--- PROBLEM REQUIREMENTS ---
The answer must consist solely of the lines below starting at the one containing "本次活动在学校第二阶梯教室举" and ending at the one containing "当女人的肚子里一个新生命开始", repeated exactly, with both ends included and all pictures omitted.

--- DATA TO USE ---
- - - -

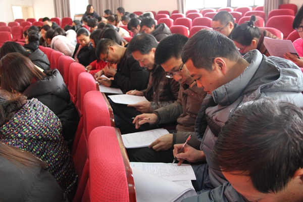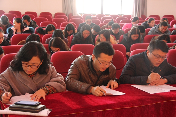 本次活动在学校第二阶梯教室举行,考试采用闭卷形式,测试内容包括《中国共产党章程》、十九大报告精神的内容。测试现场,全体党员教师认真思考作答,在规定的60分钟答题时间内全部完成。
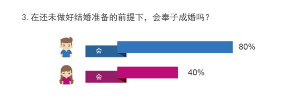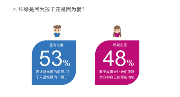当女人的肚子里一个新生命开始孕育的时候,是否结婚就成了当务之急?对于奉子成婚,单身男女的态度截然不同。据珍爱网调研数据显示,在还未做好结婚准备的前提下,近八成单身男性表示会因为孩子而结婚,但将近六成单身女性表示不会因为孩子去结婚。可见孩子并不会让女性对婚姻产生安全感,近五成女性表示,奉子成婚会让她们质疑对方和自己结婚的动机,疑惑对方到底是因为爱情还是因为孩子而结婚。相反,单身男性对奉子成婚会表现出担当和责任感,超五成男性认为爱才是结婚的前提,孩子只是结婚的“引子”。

- - - -

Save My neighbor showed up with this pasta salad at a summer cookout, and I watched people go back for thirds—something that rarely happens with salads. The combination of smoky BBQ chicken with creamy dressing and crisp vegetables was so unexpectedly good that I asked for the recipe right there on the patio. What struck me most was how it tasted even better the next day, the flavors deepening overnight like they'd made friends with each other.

- - - -

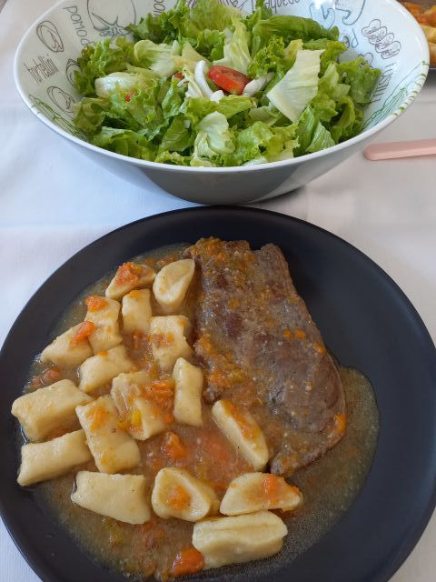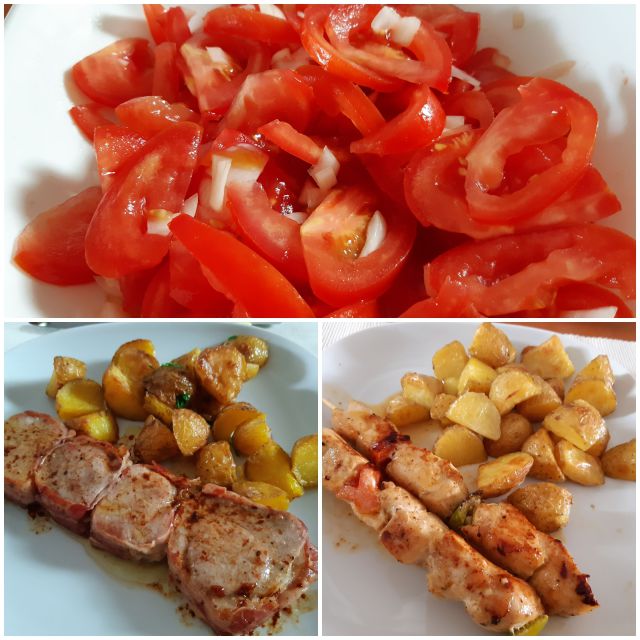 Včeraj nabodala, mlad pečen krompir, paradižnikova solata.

- - - -

--- SOLUTION BELOW ---
 本次活动在学校第二阶梯教室举行,考试采用闭卷形式,测试内容包括《中国共产党章程》、十九大报告精神的内容。测试现场,全体党员教师认真思考作答,在规定的60分钟答题时间内全部完成。
当女人的肚子里一个新生命开始孕育的时候,是否结婚就成了当务之急?对于奉子成婚,单身男女的态度截然不同。据珍爱网调研数据显示,在还未做好结婚准备的前提下,近八成单身男性表示会因为孩子而结婚,但将近六成单身女性表示不会因为孩子去结婚。可见孩子并不会让女性对婚姻产生安全感,近五成女性表示,奉子成婚会让她们质疑对方和自己结婚的动机,疑惑对方到底是因为爱情还是因为孩子而结婚。相反,单身男性对奉子成婚会表现出担当和责任感,超五成男性认为爱才是结婚的前提,孩子只是结婚的“引子”。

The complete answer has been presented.